[R-sig-ME] Question concerning the reduction of random effects

Poe, John jdpo223 at g.uky.edu
Sat Feb 4 19:23:57 CET 2017


Wow, that's a lot of random effects parameters to deal with.

You could use likelihood ratio tests to decide which nouns aren't having an
impact on model fit but with cross classified levels the order in which you
do the tests can matter if the nouns are correlated.

There are three basic ways to go about it when you have a lot of parameters.

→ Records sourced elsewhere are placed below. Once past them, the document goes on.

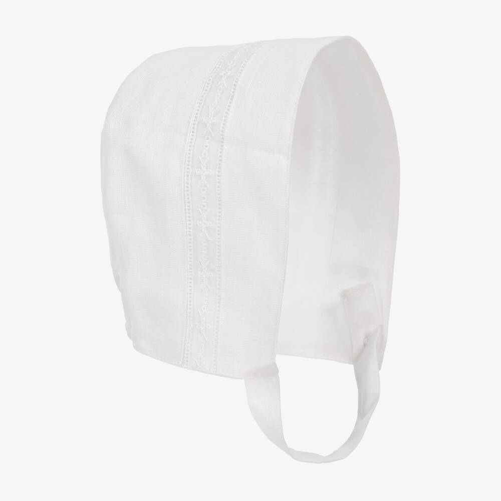 Girls White Linen Bonnet
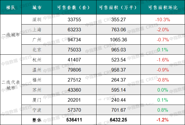 1、交易市场:3周30城新房成交面积环比下降8.5%,同比下降2.8%;20城二手房成交套数环比下降13.3%,同比增长16.9%。10城新房可售面积环比下降1.2%。
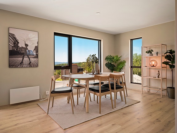 Boligene får en vestvendt beliggenhet, hvor flere får en nydelig utsikt utover fjorden. Det vil etableres store felles lekeplasser og trivelige uteområder for et hyggelig nabolag.
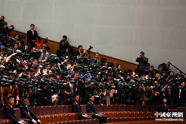 11月14日,中国共产党第十八次全国代表大会闭幕会在北京人民大会堂举行。 图为记者在采访拍摄。(中国台湾网 王伟 摄)
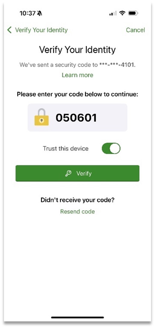 Keep the MyChart app open while waiting for the verification code. If the app is accidentally closed, you may need to select “Resend Code” to receive a new activation code.
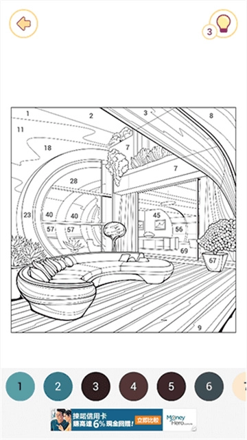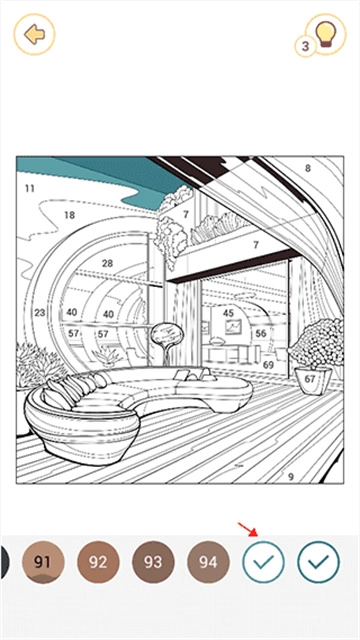 4、如果實在找不到未填完的色塊,除了把圖形放大進(jìn)行尋找之外,還可以點擊右上角的燈泡圖標(biāo),進(jìn)行提示
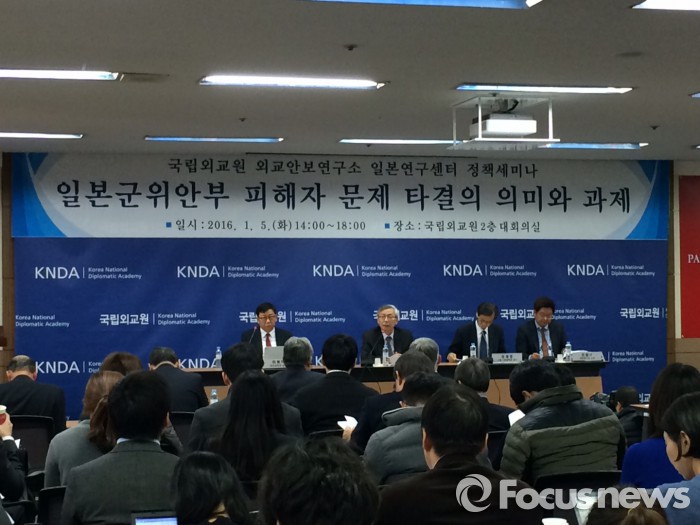 앞서 이번 정책세미나에서 인사말을 맡은 윤덕민 국립외교원 원장은 위안부 문제 협상 타결에 대해 “어떤 합의보다 진전된 내용의 합의”라고 평가했다.
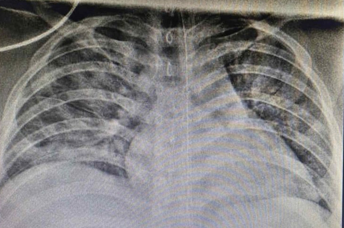 Ban đầu SpO2 của bệnh nhi nâng lên 92-93%, sau đó giảm còn 84-86%, tình trạng hô hấp diễn tiến xấu hơn. Trẻ được nâng cấp hỗ trợ oxy thành thở máy không xâm nhập, vẫn không cải thiện. Hình ảnh X-quang phổi cho thấy tổn thương phổi nặng lan tỏa hai bên, biểu hiện hội chứng suy hô hấp cấp tiến triển (ARDS), được đặt nội khí quản thở máy. Bé là bệnh nhi Covid-19 đầu tiên trong cả nước phải đặt nội khí quản thở máy.
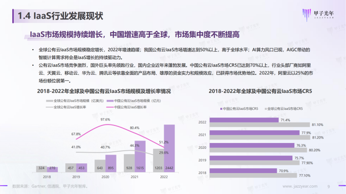 全球公有云laaS市场规模稳定增长,2022年增速趋缓;我国公有云laaS市场增速达到50%以上,高于全球水平;Al算力风口已现,AlGC带动的智能计算需求将会是laaS增长的持续驱动力。

 1) You can add a random effect and use an LR test against a model without
any other random intercepts and cycle your way through all of the groups.
This is a problem if groups are correlated because two random effects might
essentially be collinear so the test can be too generous with cross
classified random effects tested one at a time. It will provide you a
decent way to thin your initial list because it's the most conservative way
you can test impact on model fit of these three approaches. A random effect
shouldn't be rejected from this version of the test and show an impact on
the next version unless something is seriously wrong with your data, model,
or estimator.

2) you can use a leave one out approach where you fit every random
intercept except one and compare it to a full model with all random
intercepts using an LR test. Then cycle through the list like a jackknife.
My guess is you'll have problems with this because of the number of
parameters you have.  Try version 1 first to toss out random effects that
dont matter and then use this approach to test the remainders. Maybe you
can do some version of factor analysis to reduce the number of dimensions
in the model if you still have too many.  If nouns are correlated then just
combine them into factor loadings and do random effects with those
aggregations.

3) you can cycle through all possible combinations of random effects and do
bayesian model averaging to figure out what percentage of the possible
models a noun matters according to some model fit statistic. You can also
combine this version with version 1 or with factor analysis to do an
initial reduction in parameters and make estimation more manageable.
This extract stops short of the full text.